Dataset extract.
▶
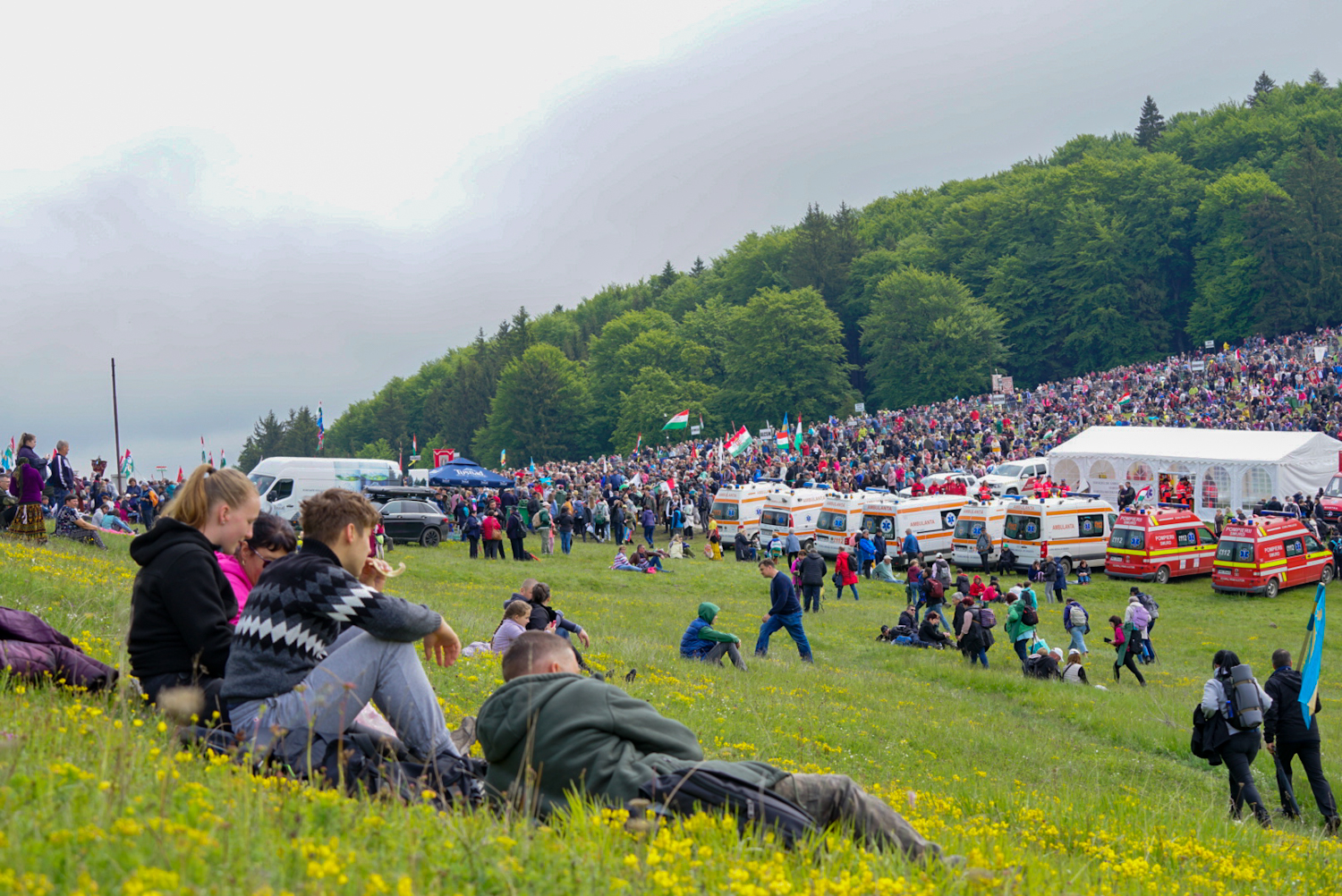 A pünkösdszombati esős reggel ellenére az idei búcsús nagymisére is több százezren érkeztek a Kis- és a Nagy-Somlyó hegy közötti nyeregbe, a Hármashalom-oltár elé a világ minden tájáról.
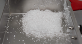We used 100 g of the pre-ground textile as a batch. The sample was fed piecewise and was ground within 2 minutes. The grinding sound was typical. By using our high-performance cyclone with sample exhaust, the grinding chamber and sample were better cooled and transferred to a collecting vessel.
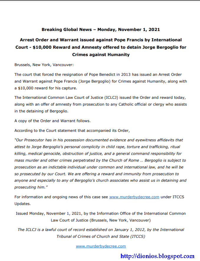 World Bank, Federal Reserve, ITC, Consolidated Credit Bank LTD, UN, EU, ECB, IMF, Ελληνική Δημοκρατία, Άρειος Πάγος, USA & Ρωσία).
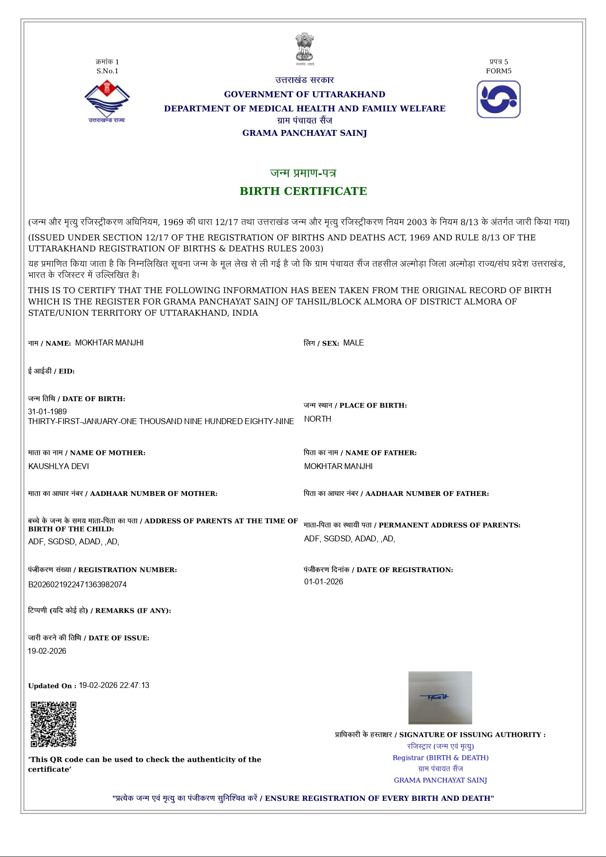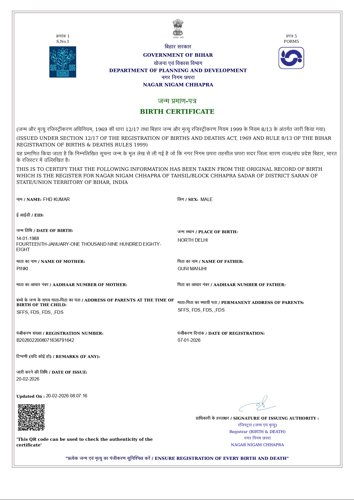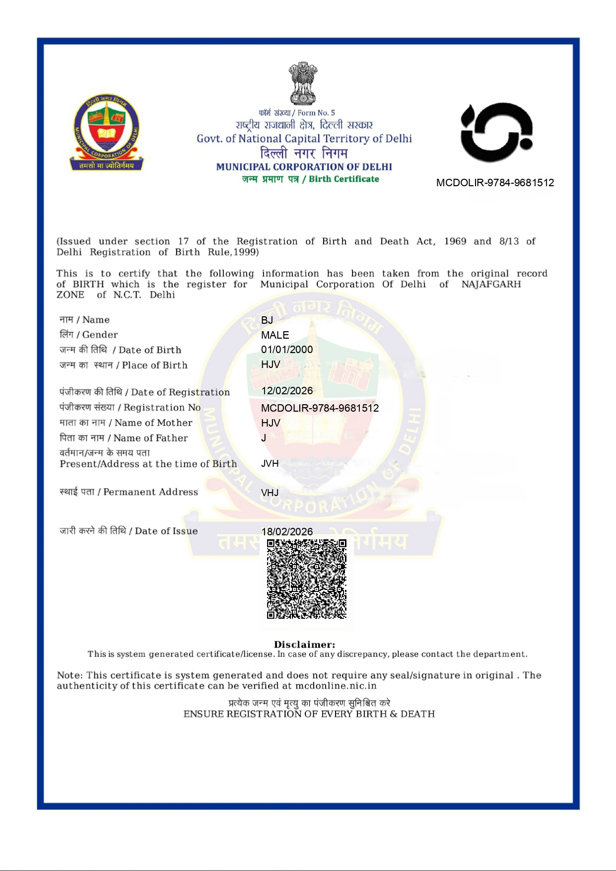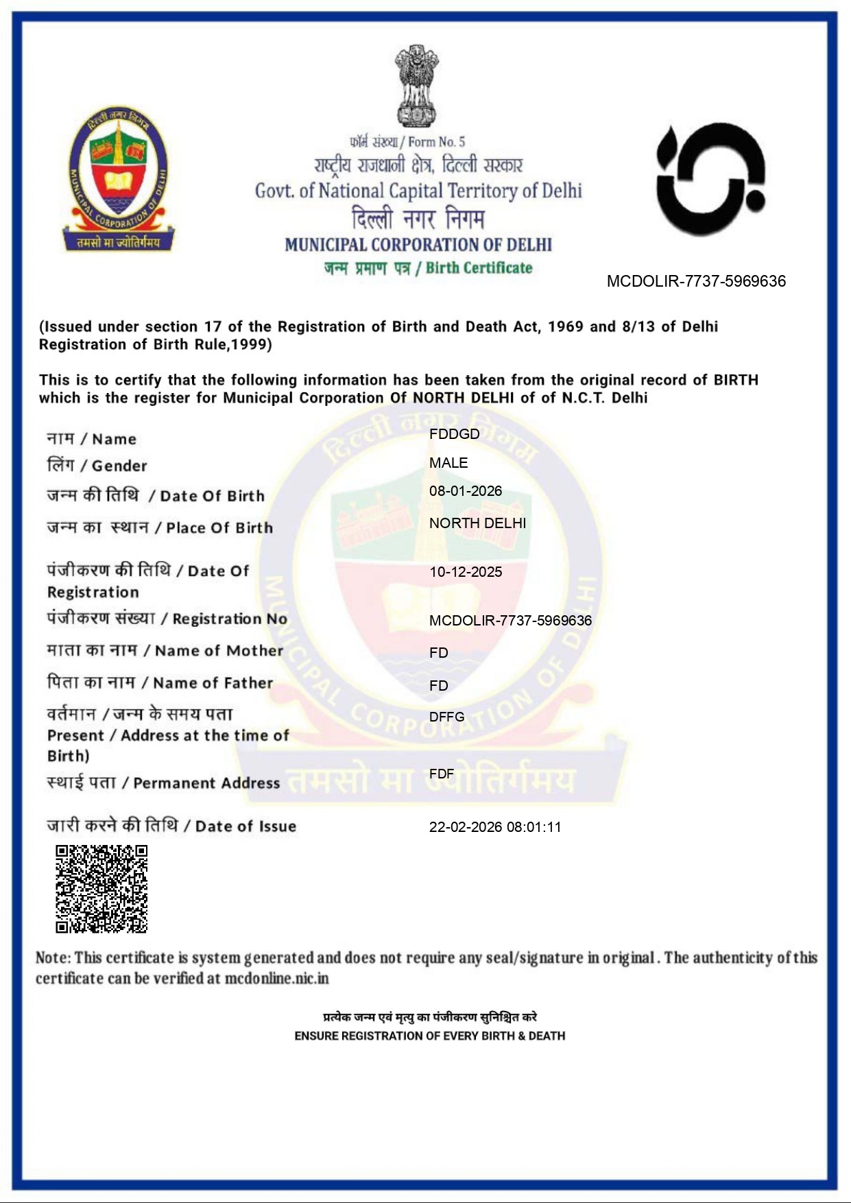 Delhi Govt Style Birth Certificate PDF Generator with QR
◀
Required action.
Restate the material word for word; no picture should appear in the copy.

Solved exercise.
 A pünkösdszombati esős reggel ellenére az idei búcsús nagymisére is több százezren érkeztek a Kis- és a Nagy-Somlyó hegy közötti nyeregbe, a Hármashalom-oltár elé a világ minden tájáról.
We used 100 g of the pre-ground textile as a batch. The sample was fed piecewise and was ground within 2 minutes. The grinding sound was typical. By using our high-performance cyclone with sample exhaust, the grinding chamber and sample were better cooled and transferred to a collecting vessel.
 World Bank, Federal Reserve, ITC, Consolidated Credit Bank LTD, UN, EU, ECB, IMF, Ελληνική Δημοκρατία, Άρειος Πάγος, USA & Ρωσία).
 Delhi Govt Style Birth Certificate PDF Generator with QR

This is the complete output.